WHAT YOU NEED TO DO: All lines from the one containing "Сийфъртовата галактика NGC" through the final line of the listing below, and no others, must be returned exactly; no pictures belong in the copy.

SOURCE MATERIAL:

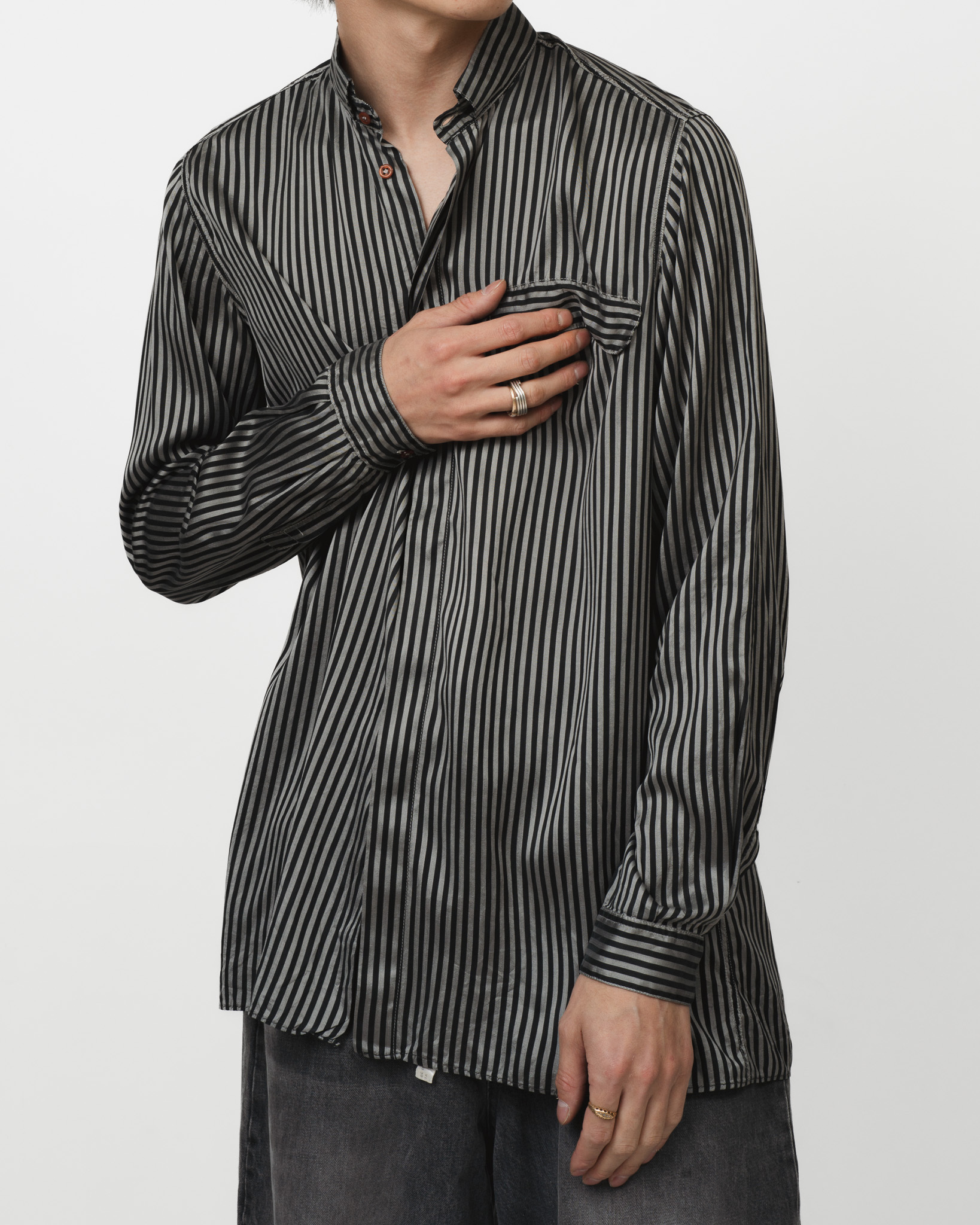 黒のシャツは数あれど、この一枚が特別なのは、単なる“黒”ではなく“陰影の黒”であること。そして、時代を反映したゆとりあるシルエットが、今の空気感とも絶妙に呼応していることです。トレンドを追いかける必要のない、完成されたミニマルデザインの美しさ。その背景には、アルマーニが一貫して追求してきた「日常の中にあるエレガンス」という哲学が確かに息づいています。
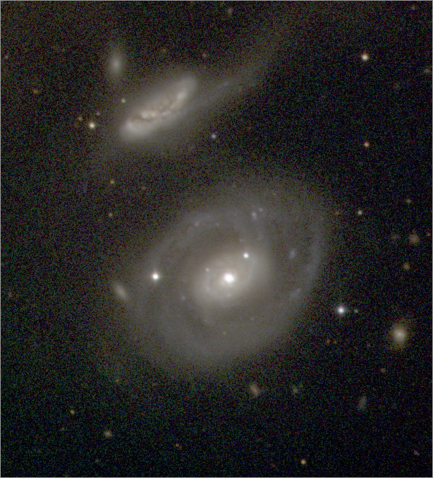 Сийфъртовата галактика NGC 7469 и нейният спътник IC 5283. Гравитационното взаимодействие между галактиките, една от чиито прояви е приливната опашка на IC 5283, може да бъде отключващият механизъм на ядрената активност в NGC 7469. Изображението е получено с 2-м телескоп на НАО Рожен.
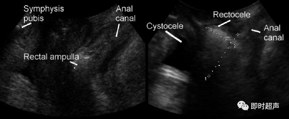 会阴体组织缺陷导致的会阴体下降,超声表现为直肠壶腹部位于耻骨联合后下缘水平线下方,与该参考线的垂直距离≥15mm,肛门内括约肌回声连续。膨出物与肛管间夹角呈钝角。

RESPONSE AREA:
 Сийфъртовата галактика NGC 7469 и нейният спътник IC 5283. Гравитационното взаимодействие между галактиките, една от чиито прояви е приливната опашка на IC 5283, може да бъде отключващият механизъм на ядрената активност в NGC 7469. Изображението е получено с 2-м телескоп на НАО Рожен.
 会阴体组织缺陷导致的会阴体下降,超声表现为直肠壶腹部位于耻骨联合后下缘水平线下方,与该参考线的垂直距离≥15mm,肛门内括约肌回声连续。膨出物与肛管间夹角呈钝角。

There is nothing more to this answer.